With Old, M. Night Shyamalan once again asks us to believe; yet, there’s little here that requires much faith from the viewer in terms of functionality. If anything, this is one of Shyamalan’s least fantastical episodes — at least on a base thematic level — that just happens to be presented in one of his more personal and visually experimental works, one that finds the quinquagenarian director reflecting on his encroaching mortality in terms only he could define. The basic set-up finds Guy (Gael García Bernal) and Prisca (Vicky Krieps) trapped on a secluded island with their two young children — there’s another family and a stray couple that joins shortly after — where they all soon notice that they’re beginning to age at an accelerated rate, a rapidity that finds days flying by in the span of a few seconds. The thematic potency of the concept announces itself nearly immediately, and continues to follow through: specifically, the entangled notions of how life often feels like it can’t move fast enough in youth, only for it to barrel through during adulthood; the growing pains of aging arriving one after another with little fanfare; and the end of childhood innocence located in the eventual loss of one’s elders. The immediate drama of the premise — one explained away as a result of the Earth’s gravity, the literal weight of time being the central antagonist here — is so strong that the narrative progression feels natural and instinctual, with the advent of some new issue plaguing a member of the group as they continue to rapidly deteriorate. 

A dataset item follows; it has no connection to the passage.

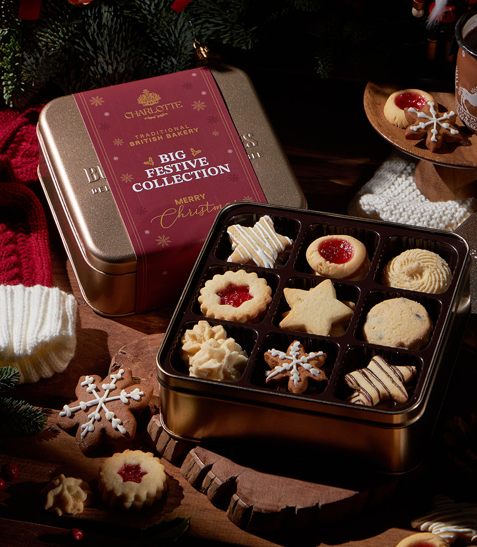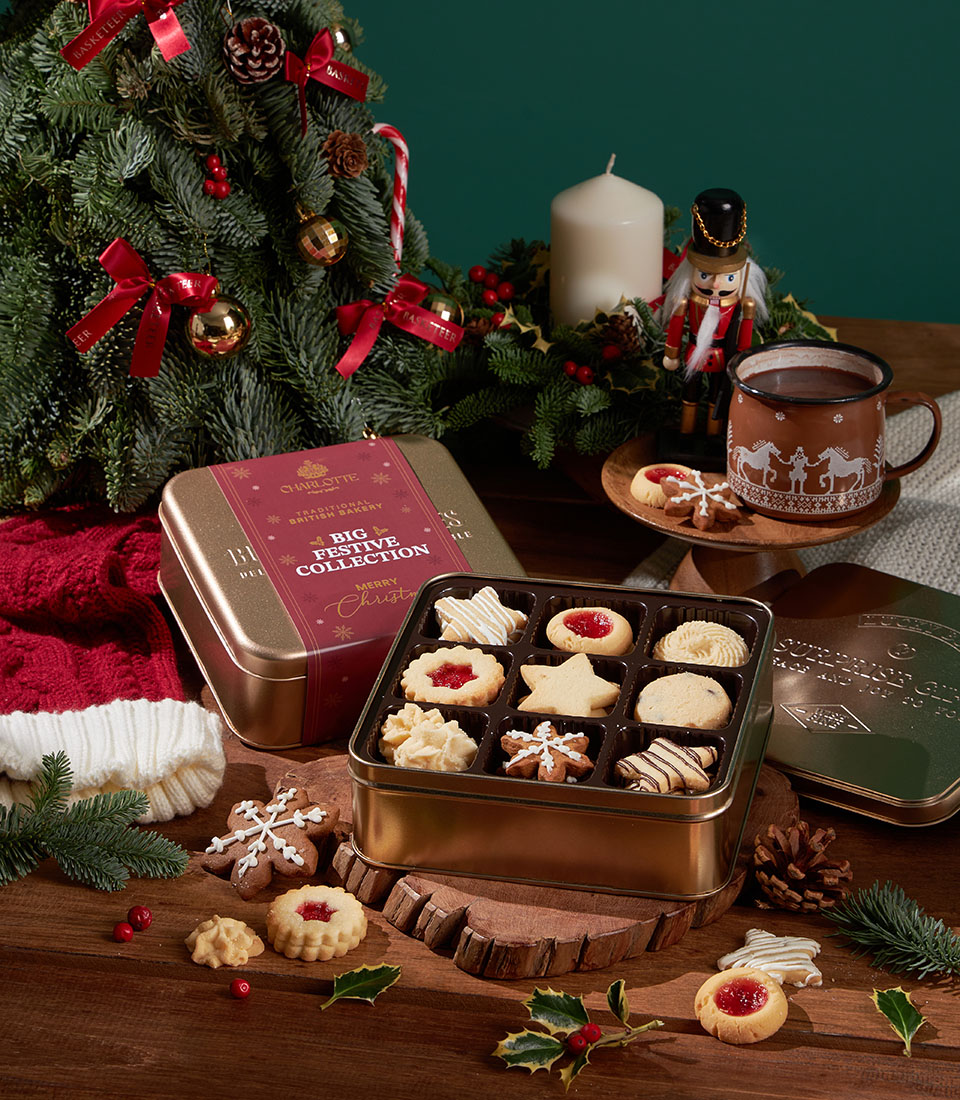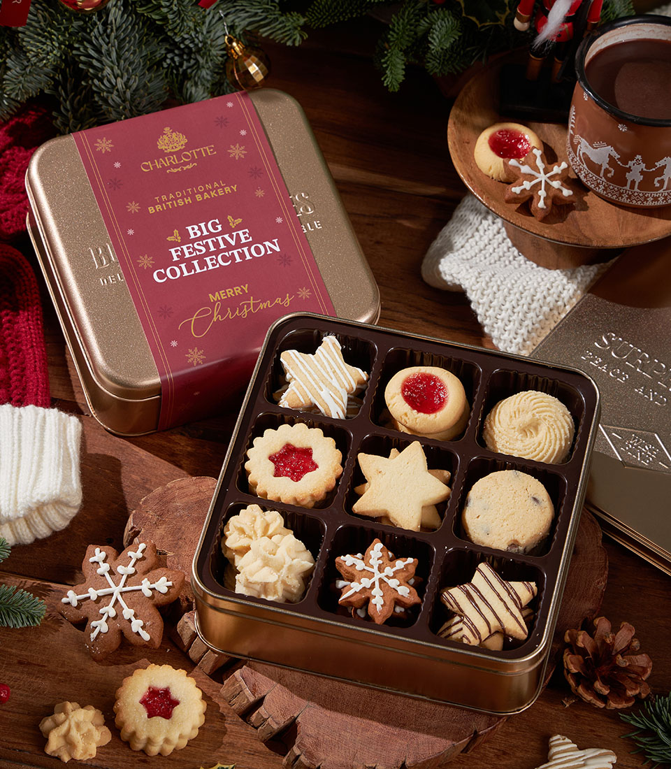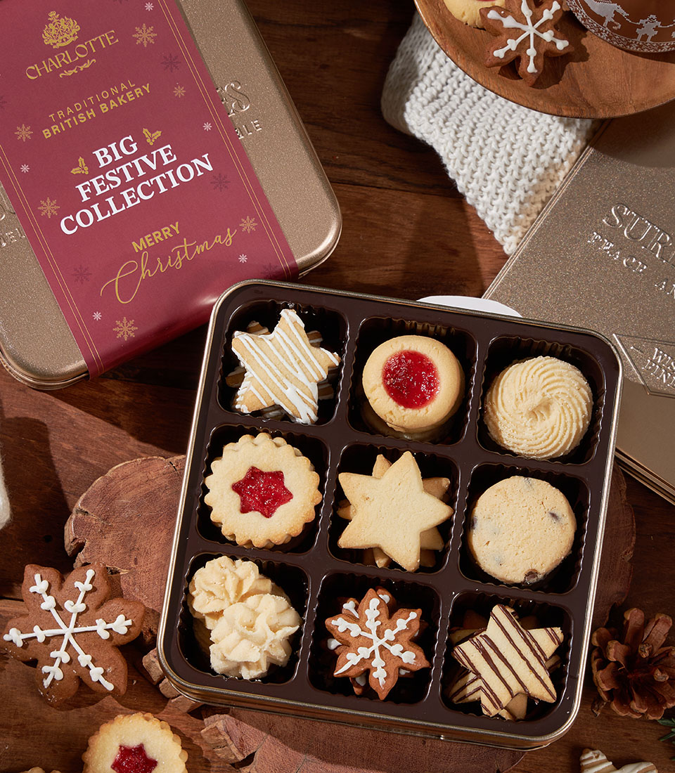 A generous festive cookie assortment featuring Charlotte's best-loved classics - thoughtfully baked and perfect for sharing during the holiday season.

In order to keep up with these natural horrors, Shyamalan employs some of his most freeing and liberating camera movements to date, easily switching between spatial perspectives and interweaving the growing drama. He never seeks to show what would be too ridiculous to pull off (i.e., children turning into adolescents), and he doesn’t foreground his special effects over the more existential issues at hand, taking care to keep the atmosphere, foreboding and intense, in his focus. Even while largely stuck in one shooting location, he makes excellent use of the cinematic space — he genuinely defines it as a physical location, one with a constructed geography and one that operates as a zone outside of order’s control, as the characters’ easy belief in the laws of science and mathematics (Guy is an insurance claimsman who rattles off statistical data about fatal accidents; there’s a doctor in the group who begins to lose his sanity) slowly dissipates. Shyamalan has always been a strong director of actors, often placing them in emotionally vulnerable situations that first appear affectionately obtuse, and here, his cast remains steadfast and committed. Most of the time, in junctures of pure dread (like an unforeseen pregnancy), the shot will just hang there, occasionally pushing forward on the actor’s disheleved face; nothing more is needed, and the effect is palpably felt.

But before we get to the action — the “hook” of the film, you could call it — one must get through Old‘s opening section that ushers in incident, which is… rough, to say the least. Loaded with obvious signifiers that will only meagerly pay off by the end and forced character exposition, this is another reminder of the profound limitations Shyamalan often displays as a writer. He remains committed to his central concept up to a certain point — there’s a beautifully realized bit near the tail end with Bernal and Krieps’ fading couple, whose past misgivings they forgive as they anticipate their eventual ends — but is equally committed to over-explaining the “who” and “why” of this particular situation. One could also understand this as something of a needed cool-down period from the high-wire melodrama that has preceded it, in a similar vein to Hitchock’s Psycho and its notoriously lame ending, but that feels like a stretch considering how long this section lasts. But when Old is freed from such contexts — and if one is willing to believe in M. Night enough to free their personal enjoyment from these anchors — then Old ranks as one of Shyamalan’s most poignant, exploratory, and outright weird cinematic documents yet. To compare him to Hitch just one more time, M. Night has often talked about Alfred’s influence and his tendency to guide the fate of the characters through an unseen hand that was clearly the director’s. It’s fitting, then, that the director’s familiar cameo this time around is that of the travel guide who transports these characters to the films’ paramount location — Shyamalan is, as always, guiding them to their fated ends.